Sirah further cemented that Tennessee-Rotary connection last year when he joined the Rotary Club of Johnson City Morning. “I joined that one because it offered an e-club membership, which suits my busy travel schedule,” he explains. “Plus the president of the club, Mina McVeigh, is my neighbor, and she is cool beans.”

Seated on his porch, Sirah is telling a tale about his neighbors, liberals on this side and conservatives on that one — how they all got together for a birthday party a few nights earlier and everyone got along just fine — when he suddenly gets philosophical. “I came to this country 6½ years ago with a mission to influence foreign policy. I had no idea I’d end up in the mountains. I also had no idea that I’d fall in love with the people.” He strokes his chin. “I understand a different side of America that’s not about your accent, or your flag, or your allegiance.” 

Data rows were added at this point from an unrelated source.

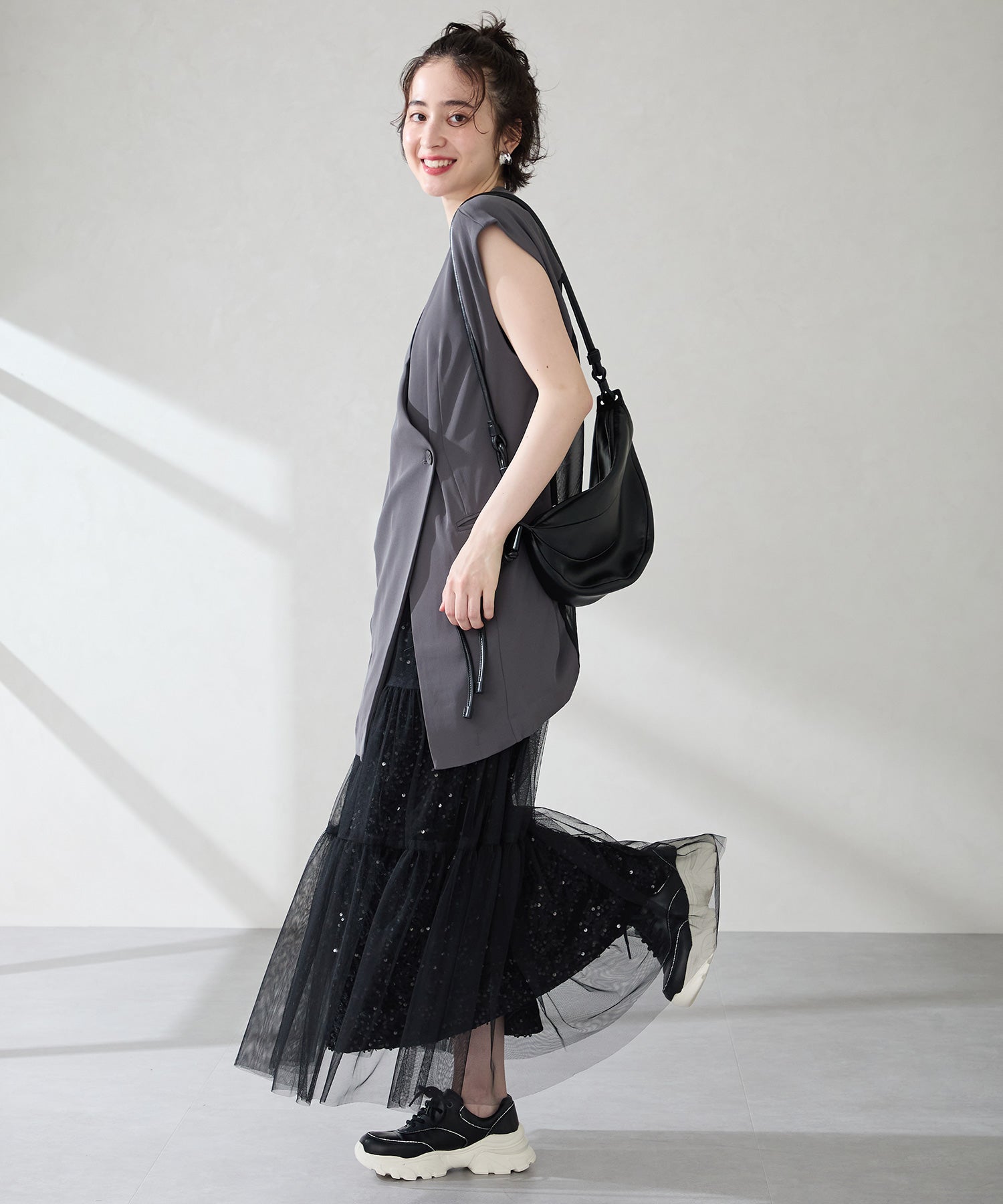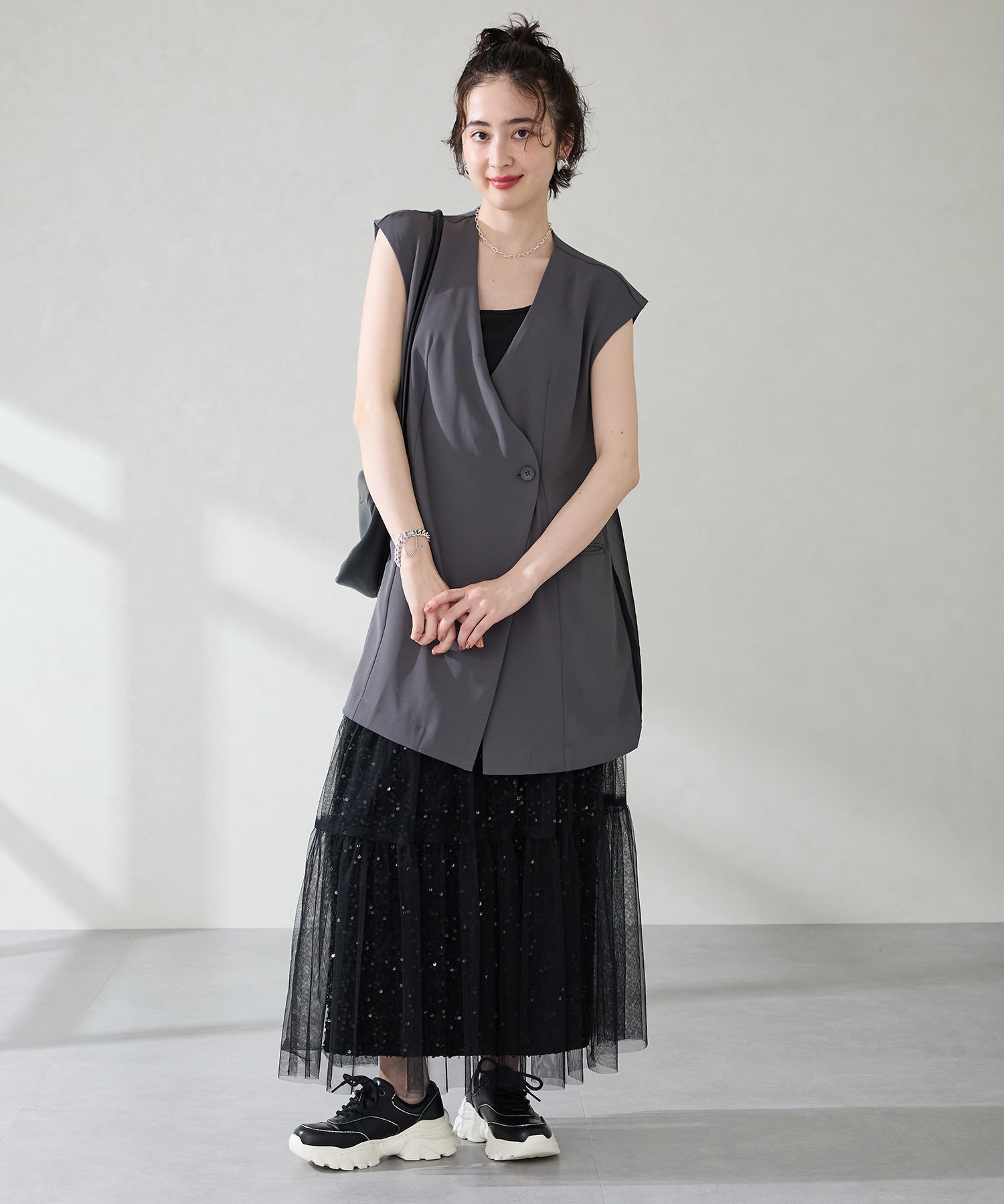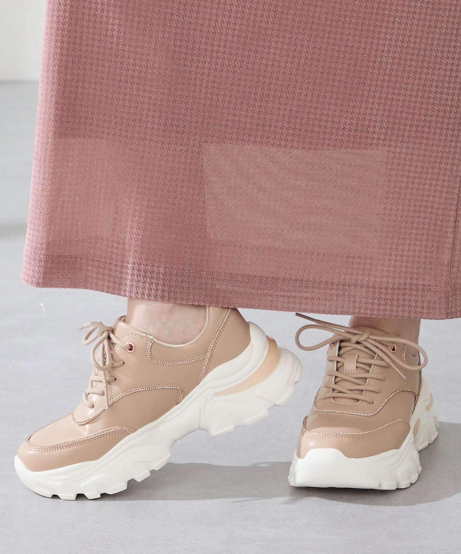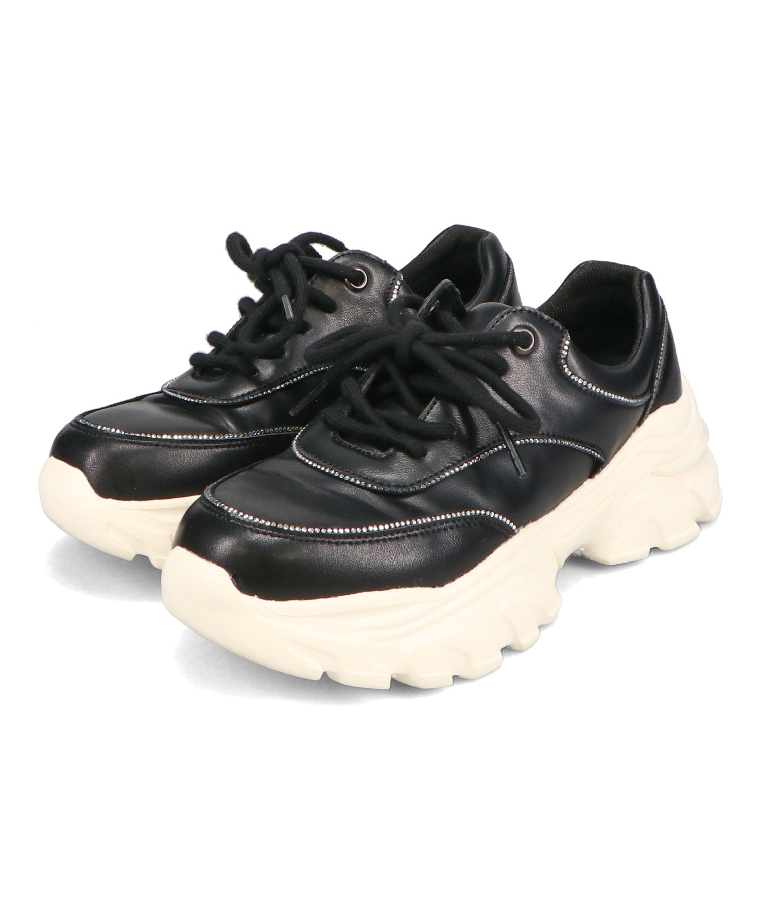 ワントーンのカラーリングの上にキラリと輝くラインストーンが目を引く、大人の華やかさを纏った1足。あえて凹凸感のある厚底ソールを組み合わせることでカジュアルダウンさせているのでフェミニンなコーデはもちろん、デニムなどパンツスタイルとも相性抜群。ラインストーンが際立つブラックと、ヌーディーなカラーがレディライクなベージュの2色展開。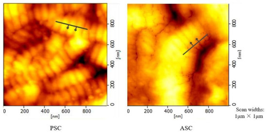In order to investigate well-characterized collagen, atomic force microscopy (AFM) was used in our study. AFM images of the collagen films were obtained in the air using a microscope. PSC and ASC were prepared with a thickness of 10 μm. The samples were mounted on AFM metal discs, while locator grids were used to map the surface so that the same area of collagen could be selected exactly. The topographic AFM images are presented on a color scale that represents the Z height. Observations from each sample were taken from several locations, but only the most representative are illustrated. The surface images used scan widths of 1 μm × 1 μm.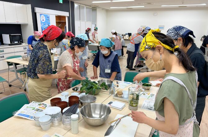今回のメニューは産直交流では定番のものばかり。それぞれのグループに入った産直サポーターと、調理のコツや交流裏話などおしゃべりしながら楽しい調理タイムになりました。
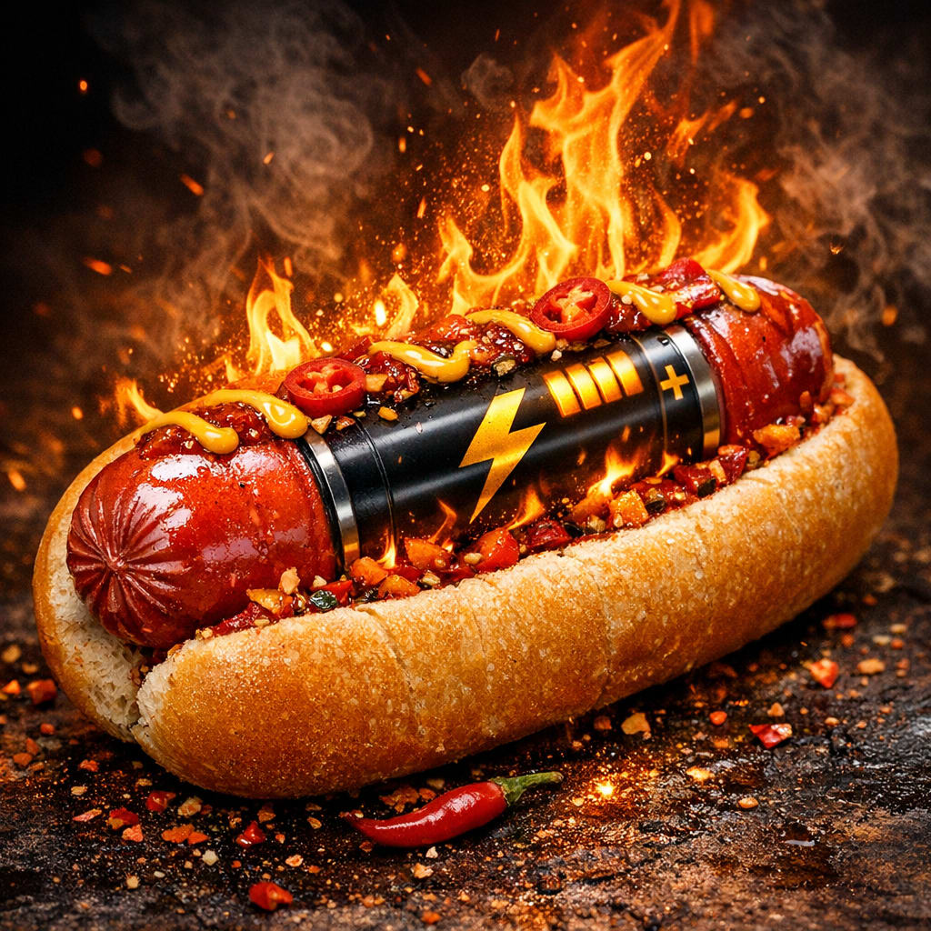 @cfg83 Here’s the image you requested for “spicy fiery battery that is shaped like hot dog in a bun.”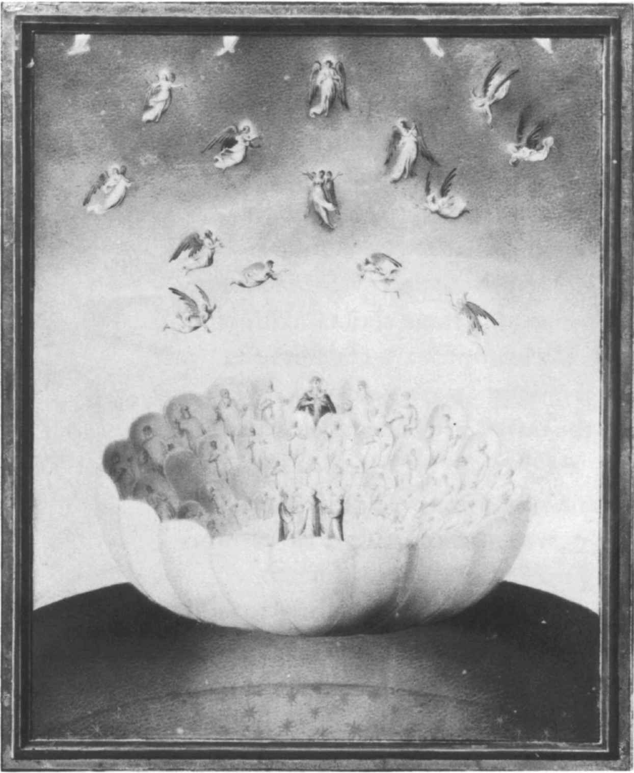 這裡的心理氣氛是被中世紀關於淫魔(succubi)的傳說激發起來的。這使我們想起了埃及的聖安東尼(St. Anthony)看到的幻象,福樓拜(381)對此做了非常博學的描述。幻想的成分是當一個人把想法大聲說出來時表現出來的東西。“首先我必須逃離”這句話是在表達一個結論,它的前一句話可能會表明其原因,即“為了……”(in order to)。大概會這樣說,“為了追隨無意識,即引誘人的女性形式”(圖9)。父親,即那個在宗教或一般生命哲學中表現出來的傳統精神的化身,正擋住他的路。他把夢者囚禁在意識心靈及其價值觀的世界中。傳統的男性世界,連同其唯智論和理性主義,正在成為一個障礙,由此我們必然得出結論認為,現在正向他趨近的無意識,是與意識心靈的傾向直接對立的,儘管有這種對立,但夢者已經傾向於朝向無意識。由於這個緣故,就不應該讓後者接受意識心靈的理性判斷;相反,它應該是一種自成一格的(sui generis)體驗。誠然,讓理智接受這一點並非易事,因為它至少包含著部分的,即便不是全部的,知性的犧牲(sacrificium intellectus)。再者,由此而引發的問題是現代人非常難以把握的;因為一開始他只能把無意識理解為意識心靈的一種非基本的和不真實的附屬物,而不是理解為有其自己法則的獨特的經驗領域。在以後的做夢過程中,這種衝突將一再出現,直到夢者最後發現了與意識和無意識都相關的正確方案,把人格安置在兩者之間正確的位置上。另外,這種衝突不可能通過理解來解決,而只能通過經驗來解決。經驗的每一個階段都必不可少。沒有任何解釋技巧或任何其他謀略能使人避免這種難題,因為意識與無意識的統一隻能一步一步地達到。

When asked about the future of storytelling, Sirah perks up. It’s on the verge of another explosion, he says, appealing to young people the way the slam poetry movement has — and the current political climate has served as a wake-up call that empowers those who have not historically had a voice. “We are in one of the most beautiful times in the history of this nation, because we can mobilize and bring people together,” he says. “It could be a revolution, a velvet revolution. We can bring balance to the world and understand each other on an equal plane. And storytelling is the one force that each and every one of us on the planet can contribute. We can bring the planet toward destruction, or we can contribute toward peace.” 

He drains the last of his beer. “Now how about that drum circle? You still interested?”